**WHAT IS BEING ASKED:**
Return, with both end lines included, exactly what the data below holds from the line with "En rez de jardin, nous" through the line with "Серьги цветы коллекция", though not the pictures.

**DATA FOR THIS TASK:**
-- -- --
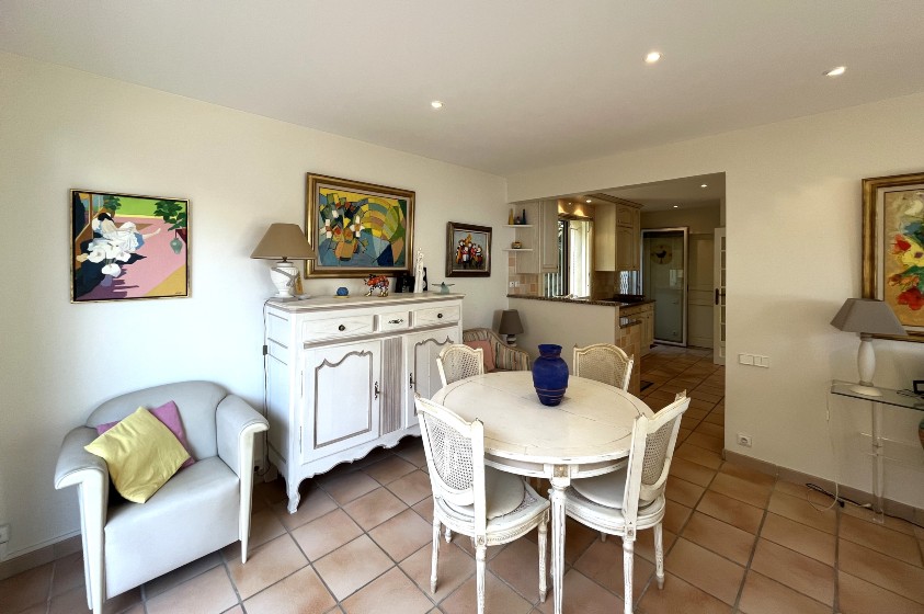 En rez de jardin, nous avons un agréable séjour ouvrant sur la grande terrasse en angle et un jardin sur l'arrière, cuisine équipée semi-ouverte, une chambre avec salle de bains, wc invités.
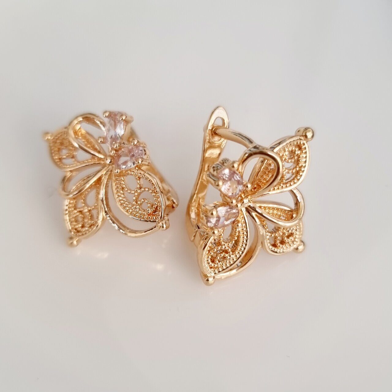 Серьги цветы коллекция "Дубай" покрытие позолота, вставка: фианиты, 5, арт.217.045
-- -- --
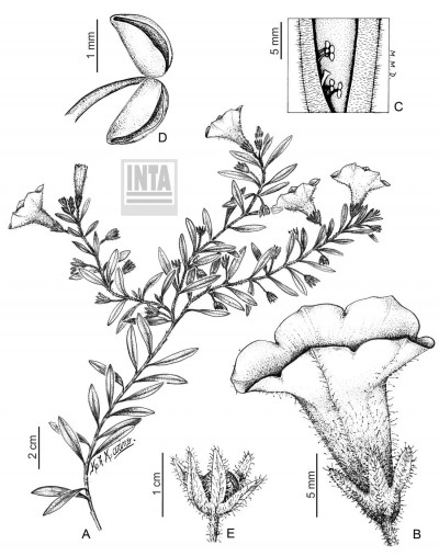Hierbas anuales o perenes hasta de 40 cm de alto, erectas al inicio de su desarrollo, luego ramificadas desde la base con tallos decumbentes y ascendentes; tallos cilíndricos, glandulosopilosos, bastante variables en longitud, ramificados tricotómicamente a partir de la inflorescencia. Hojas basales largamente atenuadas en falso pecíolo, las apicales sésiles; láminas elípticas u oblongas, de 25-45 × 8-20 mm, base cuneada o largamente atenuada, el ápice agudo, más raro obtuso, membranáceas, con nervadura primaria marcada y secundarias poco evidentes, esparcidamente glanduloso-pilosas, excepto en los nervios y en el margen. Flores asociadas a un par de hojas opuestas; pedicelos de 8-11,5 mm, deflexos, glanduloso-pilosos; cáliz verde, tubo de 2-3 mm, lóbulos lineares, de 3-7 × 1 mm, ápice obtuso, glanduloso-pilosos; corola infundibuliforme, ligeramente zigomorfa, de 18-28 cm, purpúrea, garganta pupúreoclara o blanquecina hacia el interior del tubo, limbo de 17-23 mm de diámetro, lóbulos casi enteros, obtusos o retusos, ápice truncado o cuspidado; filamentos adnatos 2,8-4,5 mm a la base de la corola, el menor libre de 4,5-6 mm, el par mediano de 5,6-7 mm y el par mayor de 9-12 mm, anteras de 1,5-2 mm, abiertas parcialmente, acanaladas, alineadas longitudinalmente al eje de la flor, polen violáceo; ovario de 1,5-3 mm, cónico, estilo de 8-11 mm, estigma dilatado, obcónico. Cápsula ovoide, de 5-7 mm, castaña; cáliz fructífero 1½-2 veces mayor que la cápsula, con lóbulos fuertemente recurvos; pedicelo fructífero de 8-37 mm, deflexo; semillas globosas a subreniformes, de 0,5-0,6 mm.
-- -- --
**EXERCISE ANSWER:**
 En rez de jardin, nous avons un agréable séjour ouvrant sur la grande terrasse en angle et un jardin sur l'arrière, cuisine équipée semi-ouverte, une chambre avec salle de bains, wc invités.
 Серьги цветы коллекция "Дубай" покрытие позолота, вставка: фианиты, 5, арт.217.045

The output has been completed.